START Records supplied
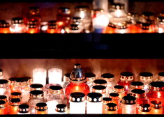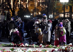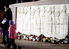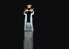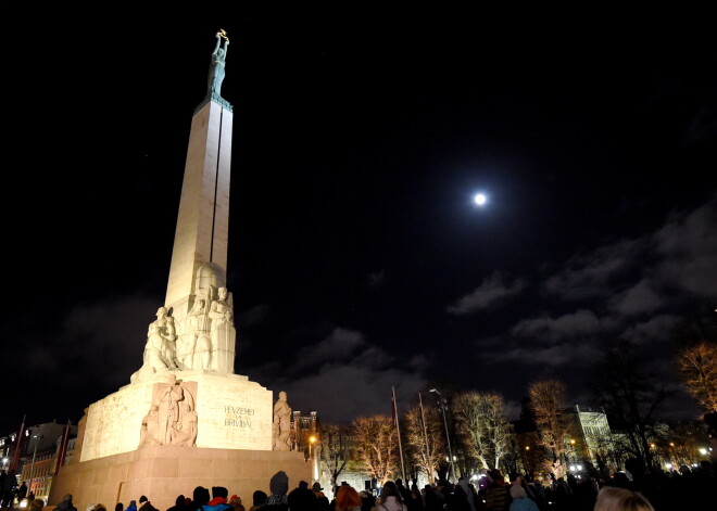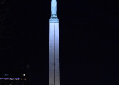 Cilvēki apbrīno par ziedojumiem izgaismoto Brīvības pieminekli
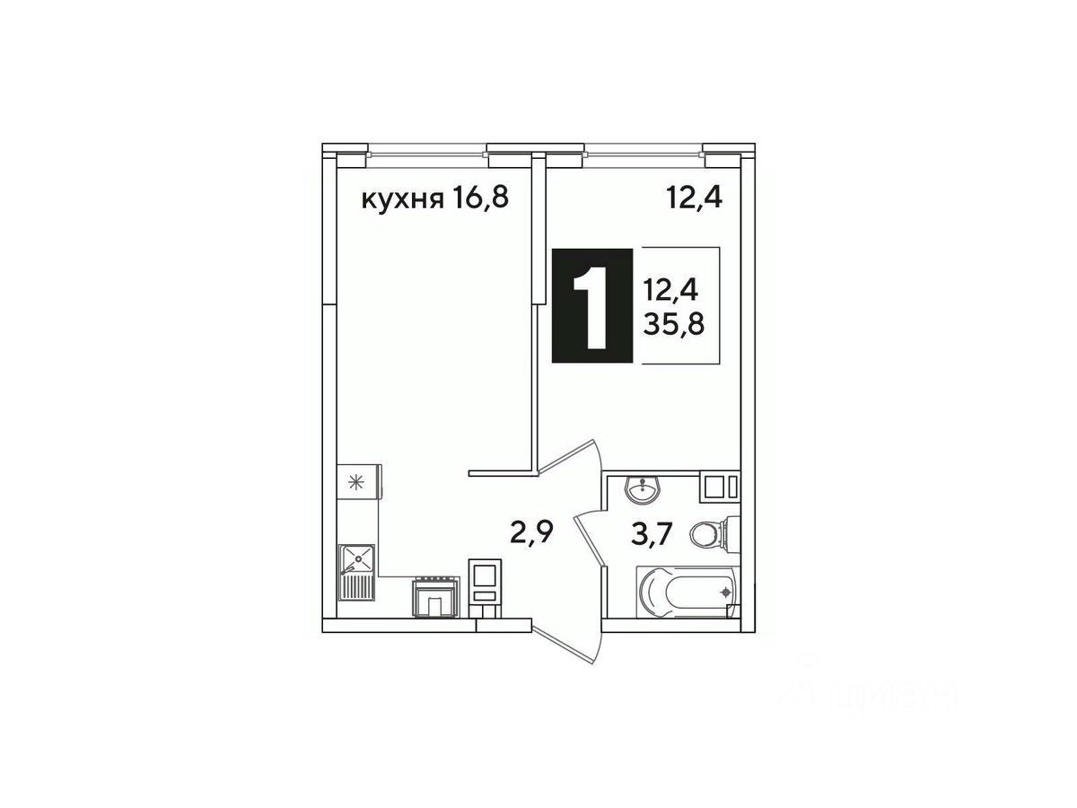 Общая площадь35,8 м²
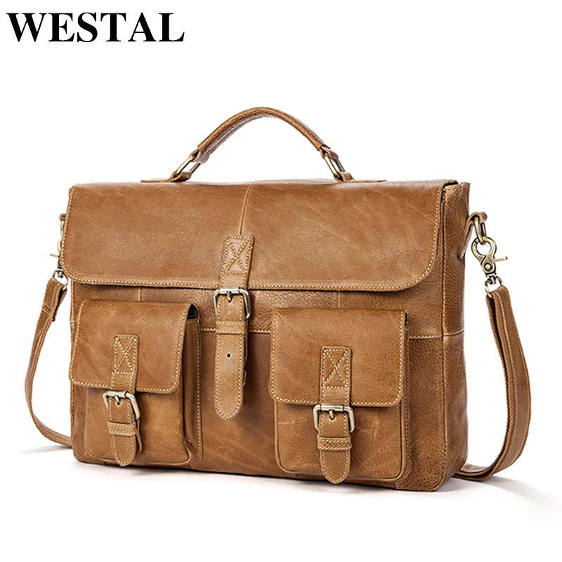 . Kaufen Billig WESTAL Business Männer Aktentaschen Aus Echtem Leder Handtaschen Umhängetasche Männer Leder Laptop Tasche Männlichen Aktentaschen büro taschen für mann Preise Online.
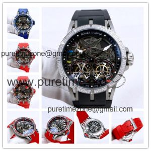 Replica Excalibur A21j Automatic Movement Mens Watch Double tourbillon Dial Diamonds Case Rubber Strap A E14 $312.00 $260.00
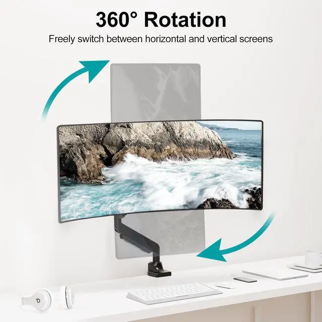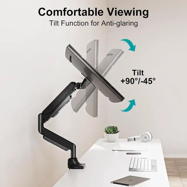 Full Motion Double Monitor Stand: Dual monitor arms offer an exceptional range of flexible motion featuring +90° to -45° tilt, 180° swivel, 360° rotation. The dual monitor desk mount easily set your monitors at an optimal angle to improve work efficiency. Whether you need landscape or portrait viewing, the flexible monitor arm can provide the perfect viewing angle.
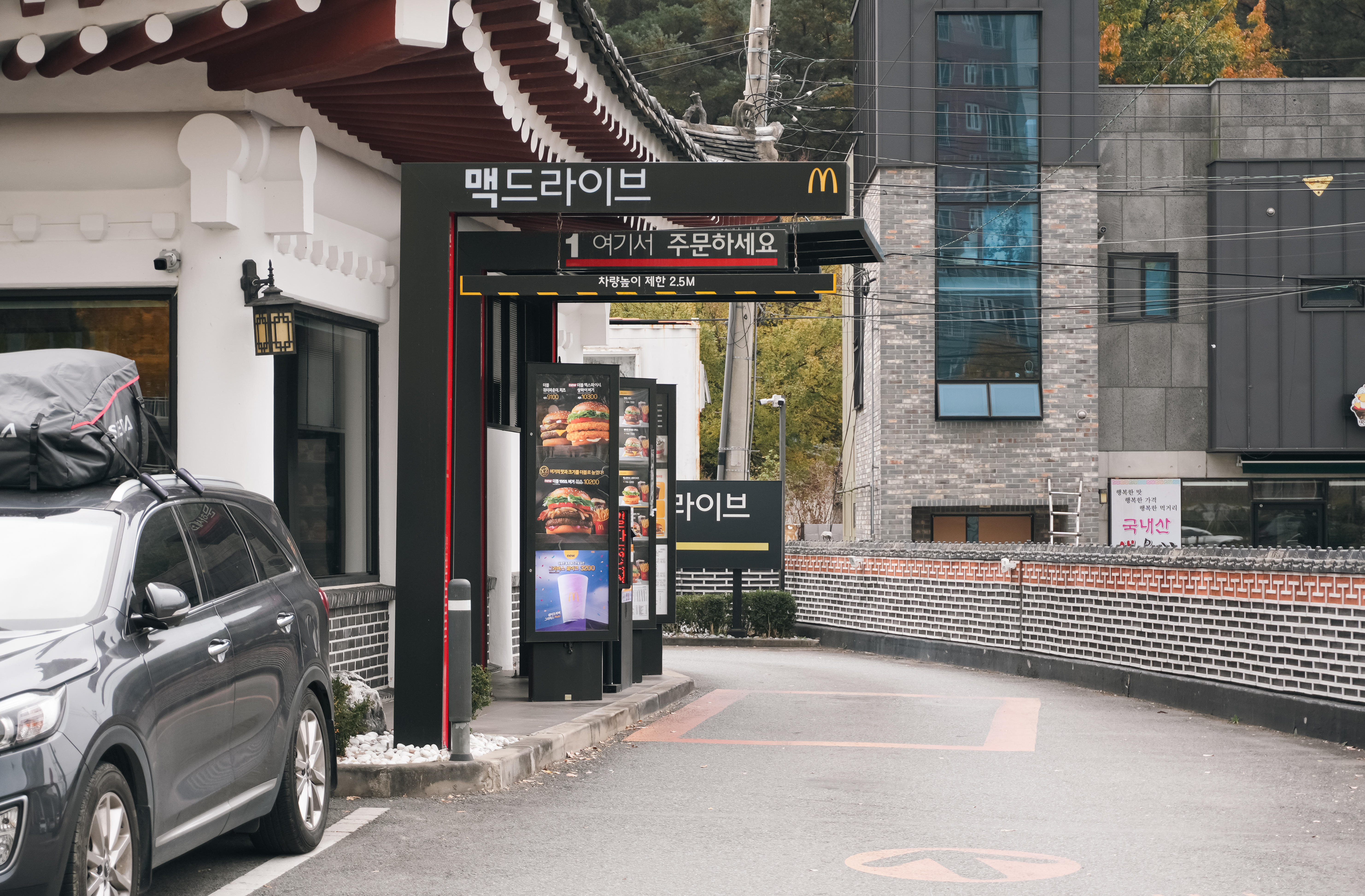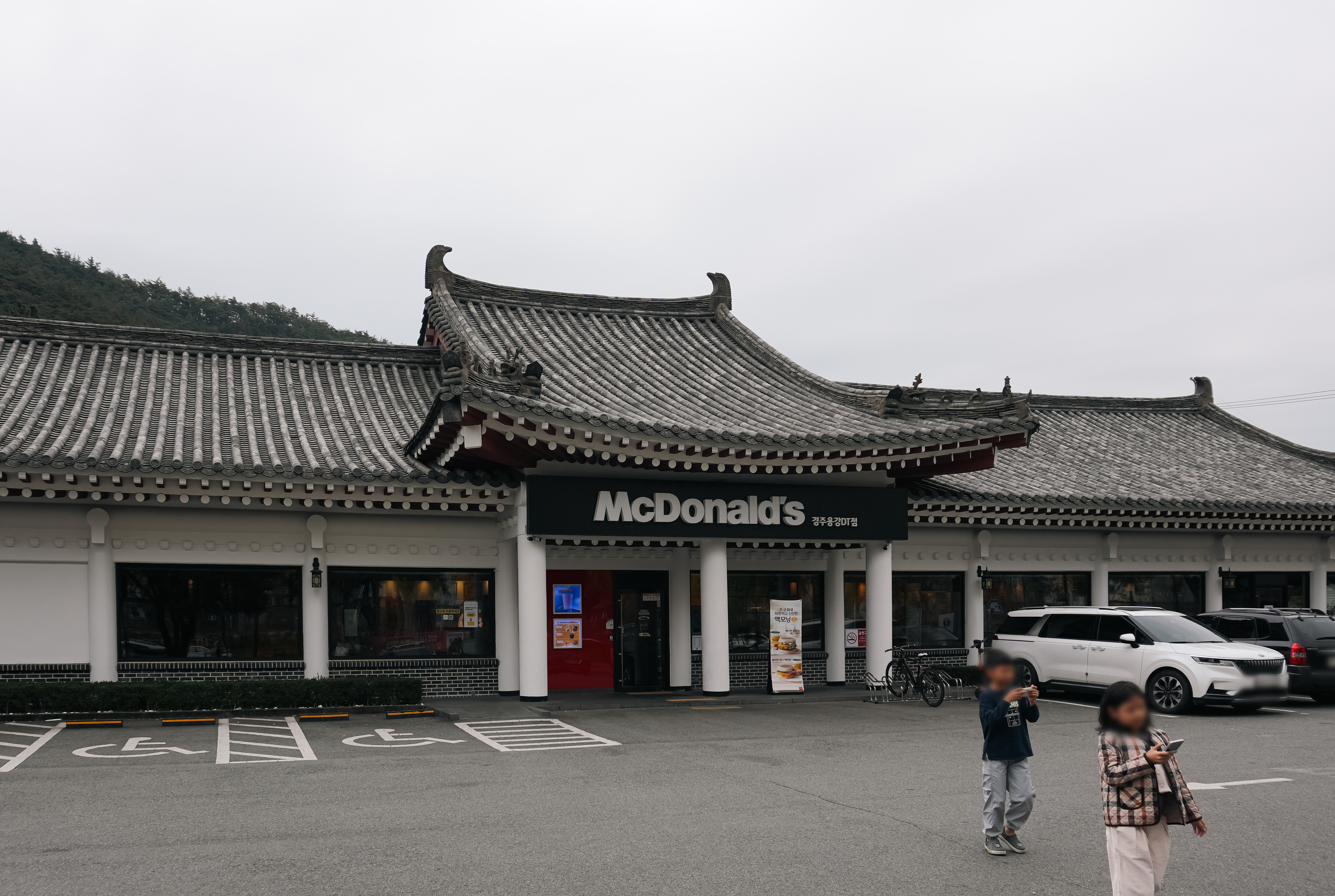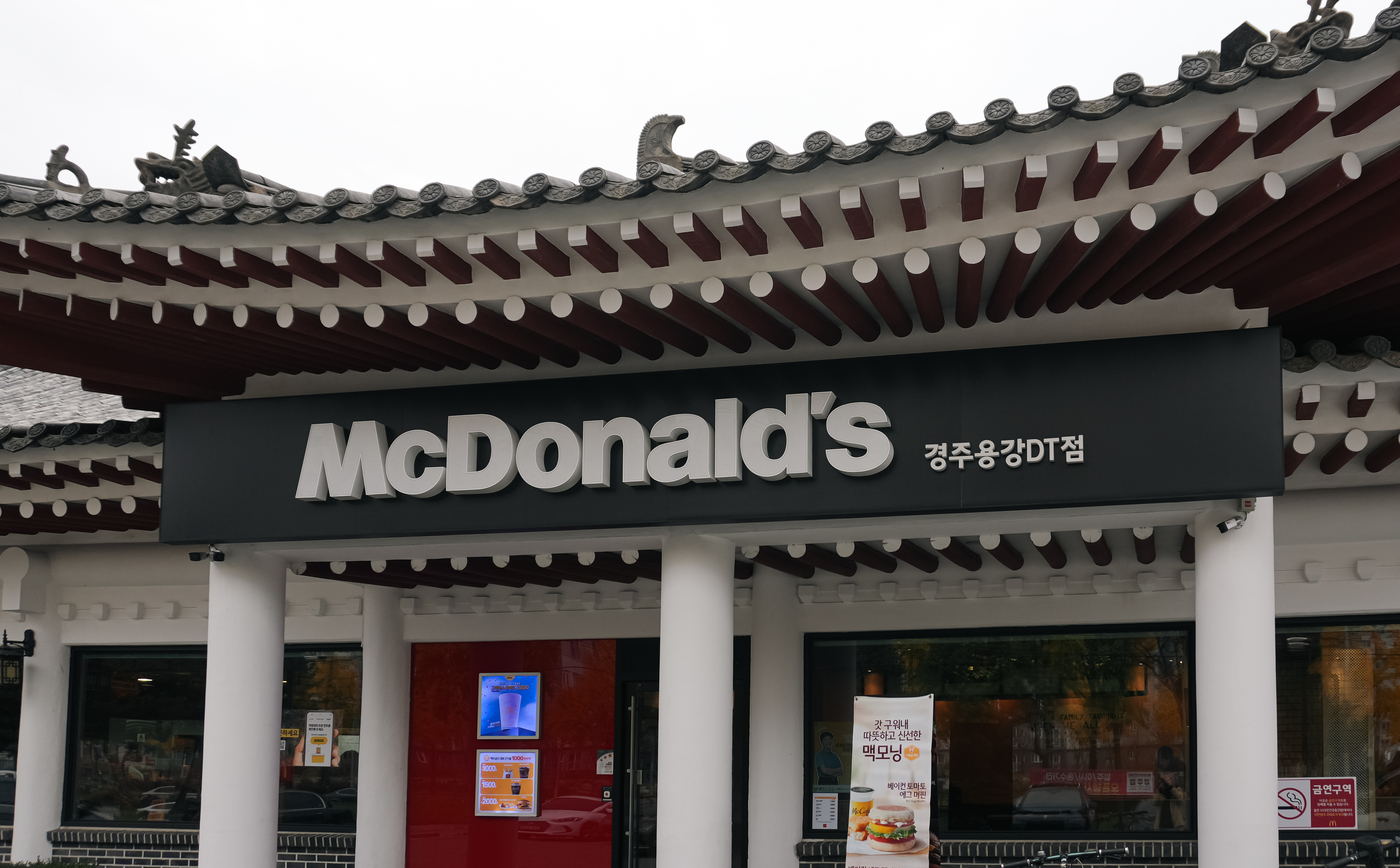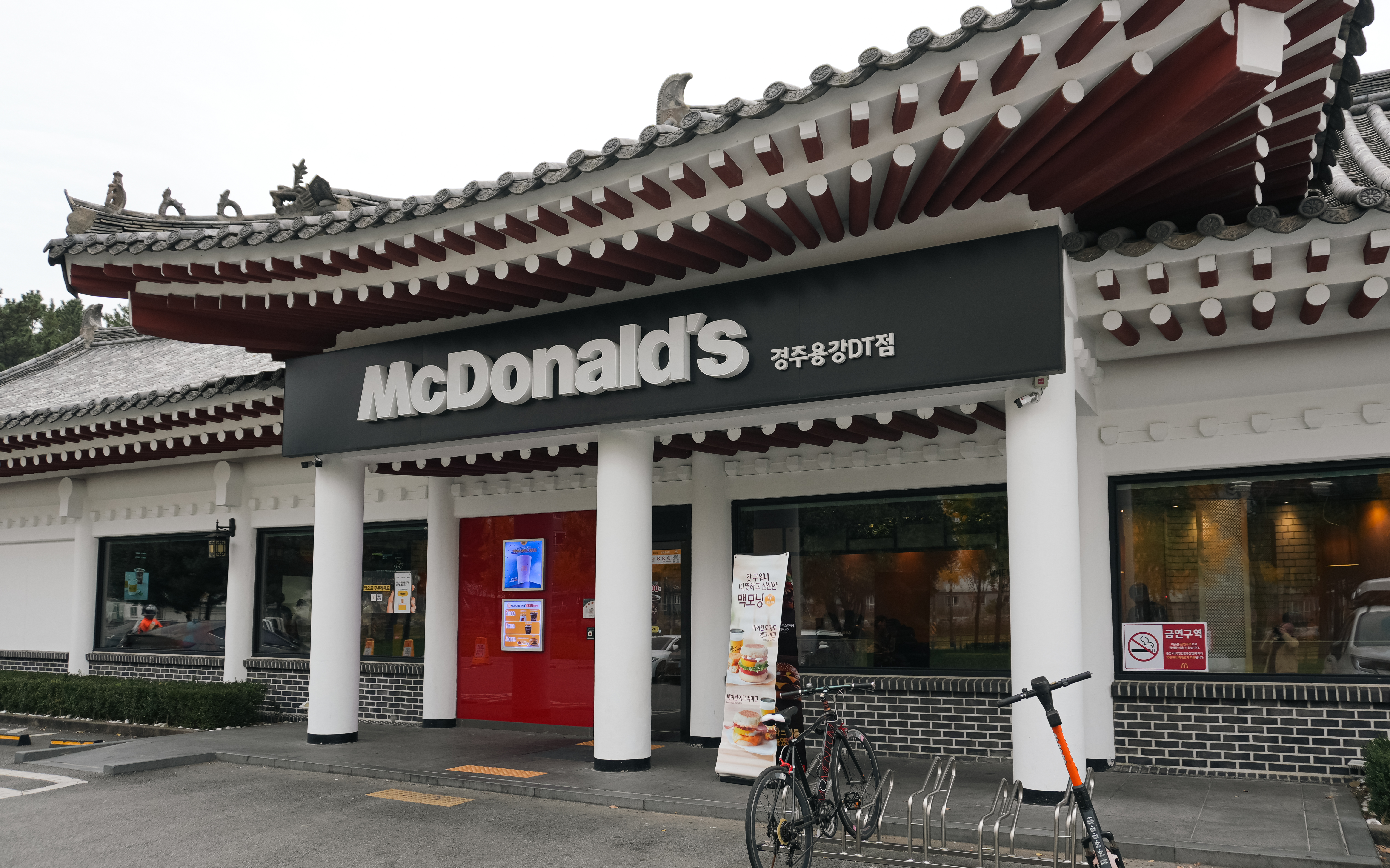 한옥 맥도날드외 외부에서 살펴보면 위와 같았습니다. 경주는 오랜 전통과 역사를 가지고 있는 도시로, 이곳은 역사와 전통의 도시 경주라는 특색에 맞게 흰 바탕에 지붕에 기와를 둘러서 전통 한옥구조의 기와집 형태로 지어졌다고 합니다.
END Records supplied
● **Work instruction**: Every record, word for word, should be given back without its pictures.

● **Solution to this exercise**:
 Cilvēki apbrīno par ziedojumiem izgaismoto Brīvības pieminekli
 Общая площадь35,8 м²
 . Kaufen Billig WESTAL Business Männer Aktentaschen Aus Echtem Leder Handtaschen Umhängetasche Männer Leder Laptop Tasche Männlichen Aktentaschen büro taschen für mann Preise Online.
 Replica Excalibur A21j Automatic Movement Mens Watch Double tourbillon Dial Diamonds Case Rubber Strap A E14 $312.00 $260.00
 Full Motion Double Monitor Stand: Dual monitor arms offer an exceptional range of flexible motion featuring +90° to -45° tilt, 180° swivel, 360° rotation. The dual monitor desk mount easily set your monitors at an optimal angle to improve work efficiency. Whether you need landscape or portrait viewing, the flexible monitor arm can provide the perfect viewing angle.
 한옥 맥도날드외 외부에서 살펴보면 위와 같았습니다. 경주는 오랜 전통과 역사를 가지고 있는 도시로, 이곳은 역사와 전통의 도시 경주라는 특색에 맞게 흰 바탕에 지붕에 기와를 둘러서 전통 한옥구조의 기와집 형태로 지어졌다고 합니다.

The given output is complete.